(INFORMATION GIVEN Opens)

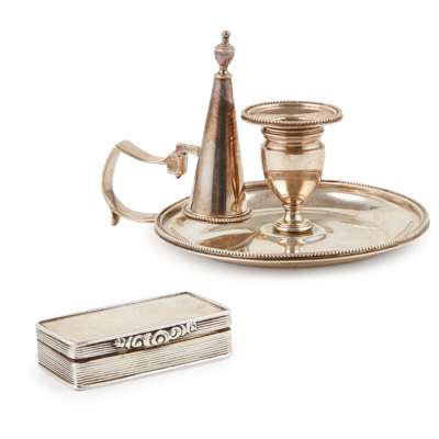 Richard Cooke, London 1800, of circular conventional form, beaded borders, with matching snuffer; together with a snuff box, Edward Smith, Birmingham 1827, of rectangular form, cast thumbpiece, engraved cartouche
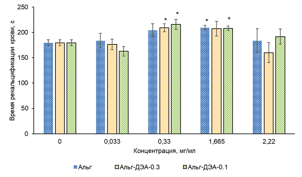 Влияние образцов на время свертывания цельной крови человека в тесте времени рекальцификации крови оценивали как описано G.L. Gulliani с соавторами [13]: к 0.1 мл цитратной крови, содержащей образцы Альг-ДЭА (0.033–2.220 мг/мл), добавляли 0.1 мл раствора 0.02 М CaCl2 и фиксировали время появления сгустка.
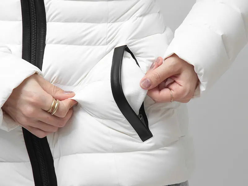 ポケットは左右に1つずつ配置されており、裏地にはフリース素材が使用されているため、手を入れたときにも肌触りが良く、暖かさを感じることができます。
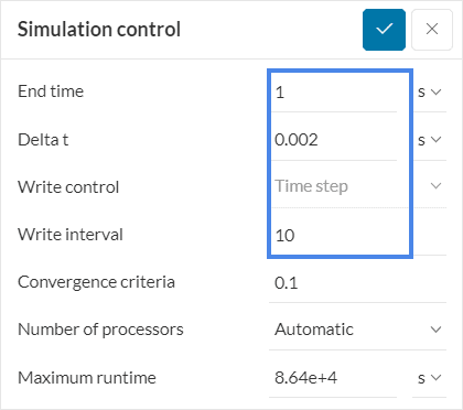 Don’t worry about the numerical settings for this simulation, as their default values are optimized. Open the simulation control settings and change the following:
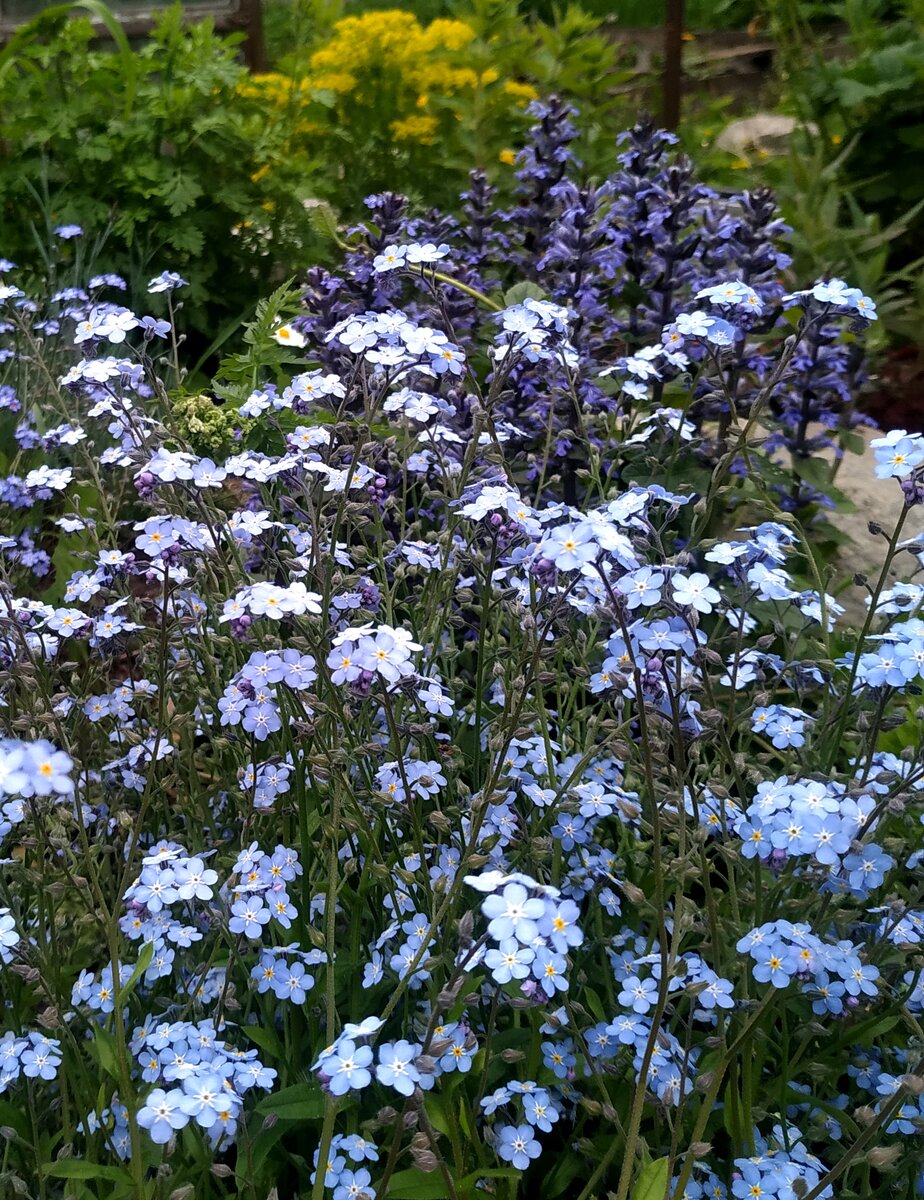 Да, речь пойдет об обычной луговой незабудке, которая украсит любую альпийскую горку! Незабудка не совсем многолетнее растение. Ее жизненный цикл составляет 2 года. Не смотря на это, она отлично восполняется самосевом и с моей горки она никуда не девается. А если незабудка выросла не там, то она совсем легко выдергивается, не неся ущерб соседям. Кустики незабудки невысокие и пышные. Цветение начинается с конца мая. На открытых солнечных местах она цветет обильно, превращаясь в голубые озера! Корневая система у незабудки поверхностная, поэтому вырастая рядом с каким нибудь другим растением, она абсолютно ему не повредит и не потеснит. Так как незабудка цветет голубыми соцветиями, рядом с ней гармонично и ярко будут смотреться гравилат, молочай кипарисоволистный, алиссум скальный, белые и розовые альпийцы. Какого то ухода незабудка не требует совсем. Растет у меня и в полутени, но цветение совсем не такое шапочное, как на горке. Для любителей альпийских горок этот цветок - находка! Воз
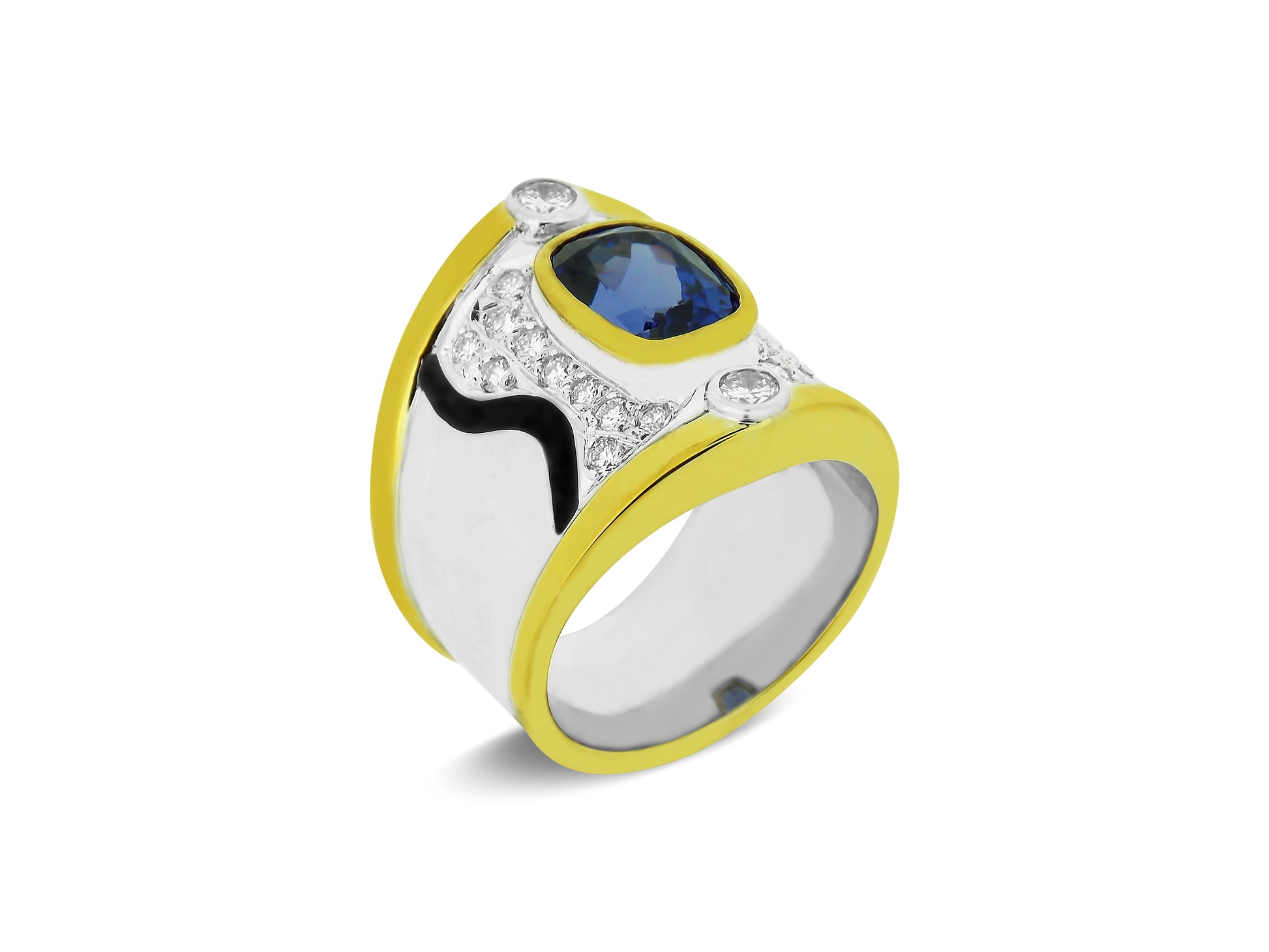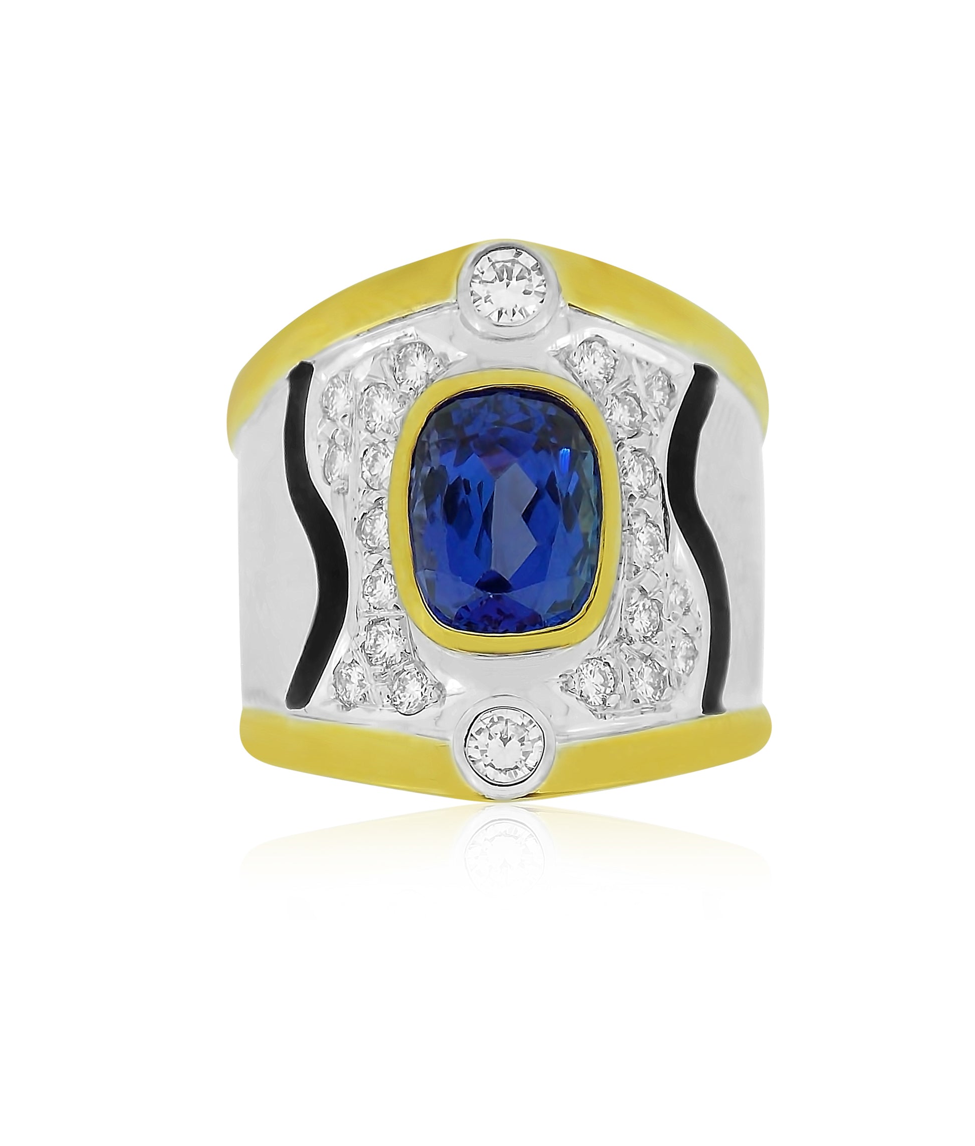 The symbolism in this ring is featured in the black enamel “rivers” on either side of the paved diamonds. The tanzanite center is bezeled set with diamond accents. The band combines both yellow and white gold.
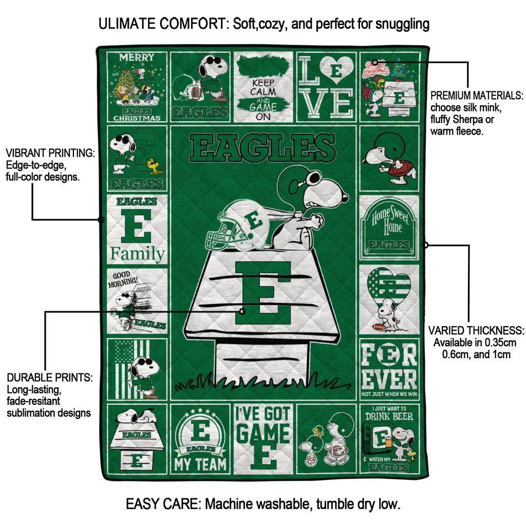 Be the first to review “Eastern Michigan Eagles Snoopy Love Green Quilt Blanket”
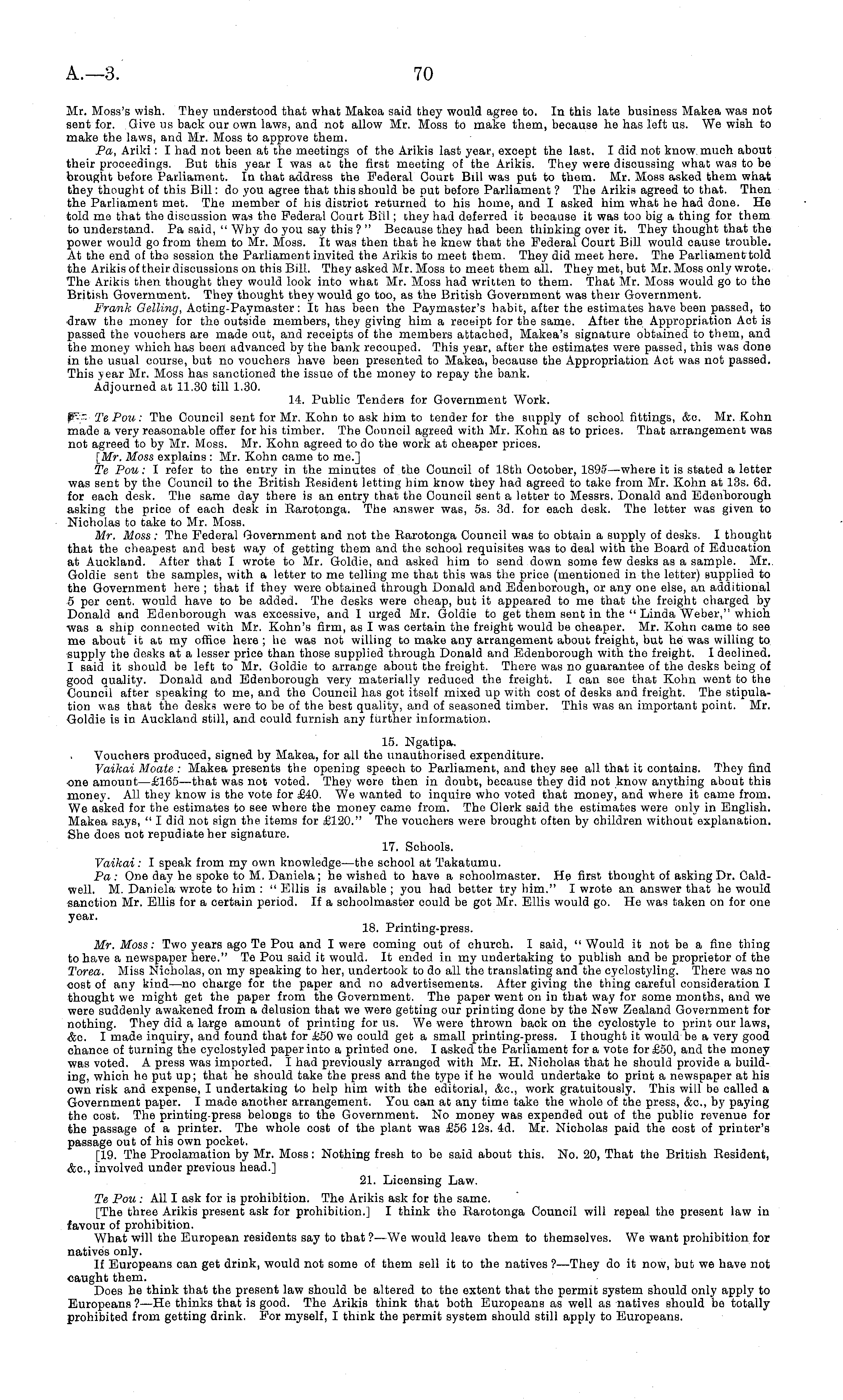 Mr. Moss's wish. They understood that what Makea said they would agree to. In this late business Makea was not sent for. Give us back our own laws, and not allow Mr. Moss to make them, because he has left us. We wish to make the laws, and Mr. Moss to approve them. Pα, Ariki: I had not been at the meetings of the Arikis last year, except the last. I did not know much about their proceedings. But this year I was at the first meeting of the Arikis. They were discussing what was to be brought before Parliament. In that address the Federal Court Bill was put to them. Mr. Moss asked them what they thought of this Bill: do you agree that this should be put before Parliament ? The Arikis agreed to that. Then the Parliament met. The member of his discriot returned to his home, and I asked him what be had done. He told me that the discussion was the Federal Court Bill; they had deferred it because it was too big a thing for them to understand. Pa said, " Why do you say this ? " Because they had been thinking over it. They thought that the power would go from them to Mr. Moss. It was then that he knew that the Federal Court Bill would cause trouble. At the end of the session the Parliament invited the Arikis to meet them. They did meet here. The Parliament told the Arikis of their discussions on this Bill. They asked Mr. Moss to meet them all. They met, but Mr. Moss only wrote. The Arikis then thought they would look into what Mr. Moss had written to them. That Mr. Moss would go to the British Government. They thought they would go too, as the British Government was their Government. Frank Gelling, Acting-Paymaster: It has been the Paymaster's habit, after the estimates have been passed, to draw the money for the outside members, they giving him a receipt for the same. After the Appropriation Act is passed the vouchers are made out, and receipts of the members attached, Makea , s signature obtained to them, and the money which has been advanced by the bank recouped. This year, after the estimates were passed, this was done in the usual course, but no vouchers have been presented to Makea, because the Appropriation Act was not passed. This year Mr. Moss has sanctioned the issue of the money to repay the bank. Adjourned at 11.30 till 1.30. 14. Public Tenders for Government Work. jF-~ TePou: The Council sent for Mr. Kohn to ask him to tender for the supply of school fittings, &c. Mr. Kohn made a very reasonable offer for his timber. The Council agreed witli Mr. Kohn as to prices. That arrangement was not agreed to by Mr. Moss. Mr. Kohn agreed to do the work at cheaper prices. [Mr. Moss explains : Mr. Kohn came to me.] Te Poll: I refer to the entry in the minutes of the Council of 18th October, 1895 —where it is stated a letter was sent by the Council to the British Resident letting him know they had agreed to tako from Mr. Kohn at 13s. 6d. for each desk. The same day there is an entry that the Council sent a letter to Messrs. Donald and Bdenborough asking the price of each desk in Rarotonga. The answer was, ss. 3d. for each desk. The letter was given to Nicholas to take to Mr. Moss. Mr. Moss: The Federal Government and not the Rarotonga Council was to obtain a supply of desks. I thought that the cheapest and best way of getting them and the school requisites was to deal with the Board of Education at Auckland. After that I wrote to Mr. Goldie, and asked him to send down some few desks as a sample. Mr. Goldie sent the samples, with a letter to me telling me that this was the price (mentioned in the letter) supplied to the Government here ; that if they were obtained through Donald and Bdenborough, or any one else, an additional 5 per cent, would have to be added. The desks were cheap, but it appeared to me that the freight charged by Donald and Edenborough was excessive, and I urged Mr. Goldie to get them sent in the " Linda Weber," which was a ship connected with Mr. Kohn's firm, as I was certain the freight would be cheaper. Mr. Kohn came to see me about it at my office here ; he was not willing to make any arrangement about freight, but he was willing to supply the desks at a lesser price than those supplied through Donald and Bdenborough with the freight. I declined. I said it should be left to Mr. Goldie to arrange about the freight. There was no guarantee of the desks being of good quality. Donald and Edenborough very materially reduced the freight. I can see that Kohn went to the Council after speaking to me, and the Council has got itself mixed up with cost of desks and freight. The stipulation was that the desks were to be of the best quality, and of seasoned timber. This was an important point. Mr. Goldie is in Auckland still, and could furnish any further information. 15. Ngatipa. Vouchers produced, signed by Makea, for all the unauthorised expenditure. Vaikai Moate : Makea presents the opening speech to Parliament, and they see all that it contains. They find one amount—£l65 —that was not voted. They were then in doubt, because they did not know anything about this money. All they know is the vote for £40. We wanted to inquire who voted that money, and where it came from. We asked for the estimates to see where the money came from. The Clerk said the estimates were only in English. Makea says, " I did not sign the items for £120." The vouchers were brought often by children without explanation. She does not repudiate her signature. 17. Schools. Vaikai: I speak from my own knowledge—the school at Takatumu. Pα: One day he spoke to M. Daniela; he wished to have a schoolmaster. He first thought of asking Dr. Caldwell. M. Daniela wrote to him : " Ellis is available ; you had better try him." I wrote an answer that he would sanction Mr. Ellis for a certain period. If a schoolmaster could be got Mr. Ellis would go. He was taken on for one year. 18. Printing-press. Mr. Moss: Two years ago Te Pou and I were coming out of church. I said, " Would it not be a fine thing to have a newspaper
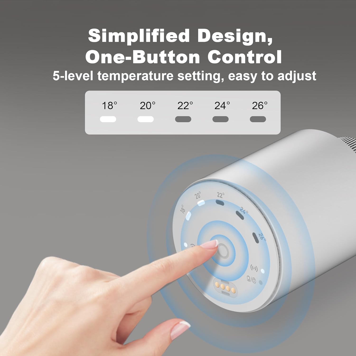Simplified Interface – The smart TRV is designed with simplicity in mind, offering 5 fixed temperature levels for quick adjustments. Say goodbye to the cumbersome rotary knobs of traditional TRVs—GEM TRV lets you achieve the perfect temperature with a single button press. This user-friendly design is suitable for people of all ages.
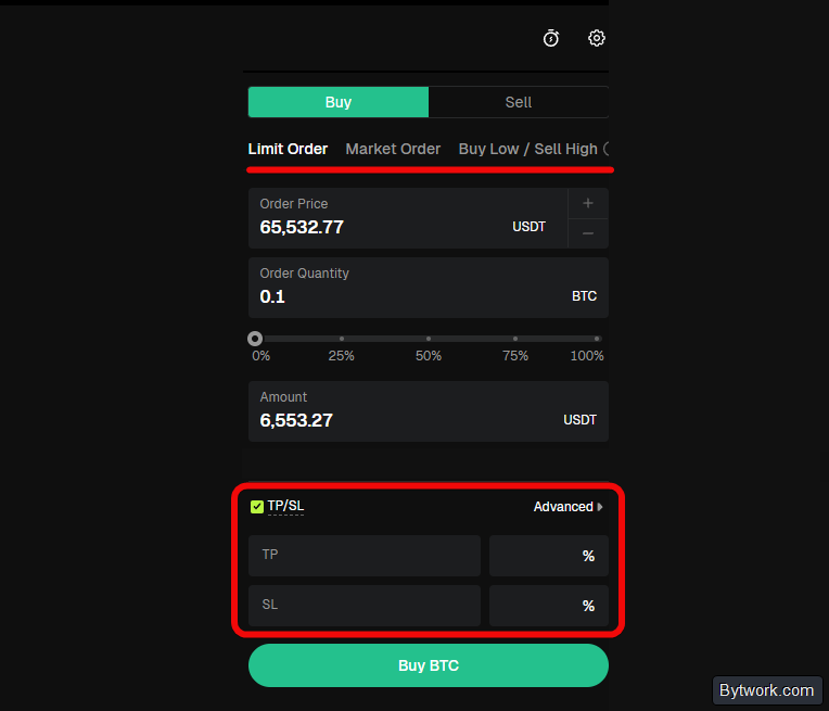 Соответственно панель размещения заявок находится справа, где можно выбрать эти типы ордеров, цену, количество и настроить TP/SL для спотовой торговли.

(INFORMATION GIVEN Closes)

## WHAT THE TASK REQUIRES
Retype exactly. Include each line from the start of the material through the line holding "Don’t worry about", and leave the pictures out.

## EXERCISE RESULT
 Richard Cooke, London 1800, of circular conventional form, beaded borders, with matching snuffer; together with a snuff box, Edward Smith, Birmingham 1827, of rectangular form, cast thumbpiece, engraved cartouche
 Влияние образцов на время свертывания цельной крови человека в тесте времени рекальцификации крови оценивали как описано G.L. Gulliani с соавторами [13]: к 0.1 мл цитратной крови, содержащей образцы Альг-ДЭА (0.033–2.220 мг/мл), добавляли 0.1 мл раствора 0.02 М CaCl2 и фиксировали время появления сгустка.
 ポケットは左右に1つずつ配置されており、裏地にはフリース素材が使用されているため、手を入れたときにも肌触りが良く、暖かさを感じることができます。
 Don’t worry about the numerical settings for this simulation, as their default values are optimized. Open the simulation control settings and change the following:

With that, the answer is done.